Published: 18 June 2004

Abstract

Background

Osteoclast-like giant cell tumors are usually observed in osseous tissue or as tumors of tendon sheath, characterized by the presence of multinucleated giant cells and mononuclear stromal cells. It has been reported in various extraosseous sites including breast, skin, soft tissue, salivary glands, lung, pancreas, female genital tract, thyroid, larynx and heart. However, extraosseus occurrence of such giant cell tumors in the kidney is extremely rare and is usually found in combination with a conventional malignancy.
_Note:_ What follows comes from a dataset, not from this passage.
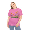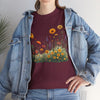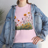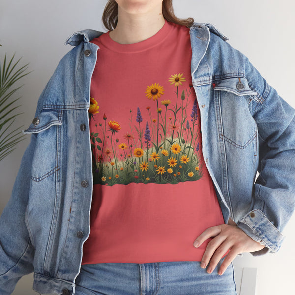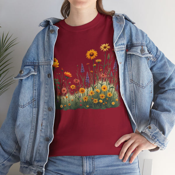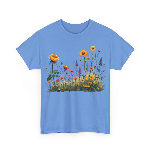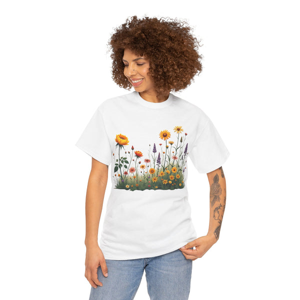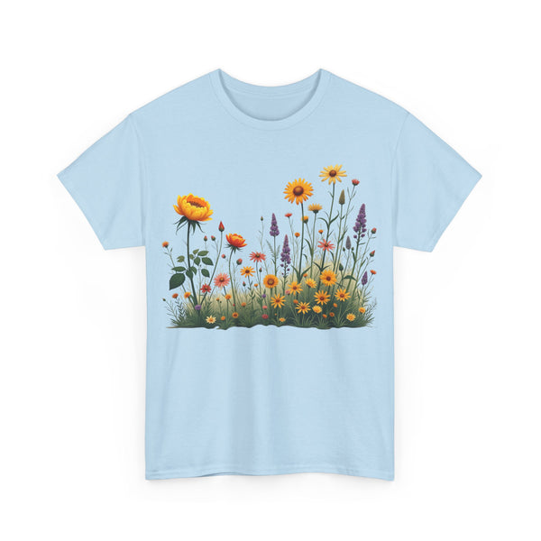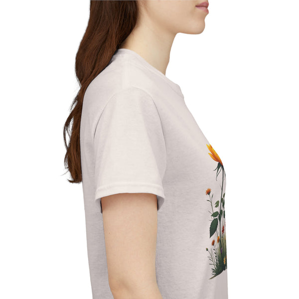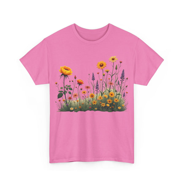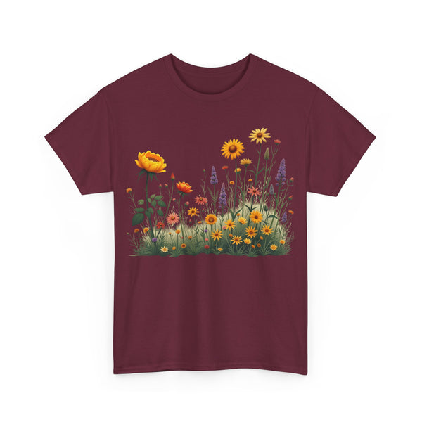 Isn’t comfort and style the ultimate combination? This floral top is a wardrobe essential unlike any other! This wildflower graphic is beautifully accentuated with yellow roses. Ladies, these graphic tees for women are a go to if you prefer looking effortlessly stylish. Reasons To Love It Soft And Breathable Fabric: The material of this womens short sleeve T Shirt is soft and relaxing, making it perfect for everyday use and any occasion. Floral Elegance: The feminine touch of the elegant and trendy floral design is equally bold and subtle in this womens T shirt.

De-novo primary malignant giant cell tumors of the kidney are unusual lesions and to our knowledge this is the second such case.

Case Presentation

We report a rare case of extraosseous primary denovo malignant giant cell tumor of the renal parenchyma in a 39-year-old Caucasian female to determine the histogenesis of this neoplasm with a detailed literature review.

Conclusion

Primary denovo malignant giant cell tumor of the kidney is extremely rare. The cellular origin of this tumor is favored to be a pluripotential mesenchymal stromal cell of the mononuclear/phagocytic cellular lineage. Awareness of this neoplasm is important in the pathological interpretation of unusual findings at either fine needle aspiration or frozen section of solid renal masses.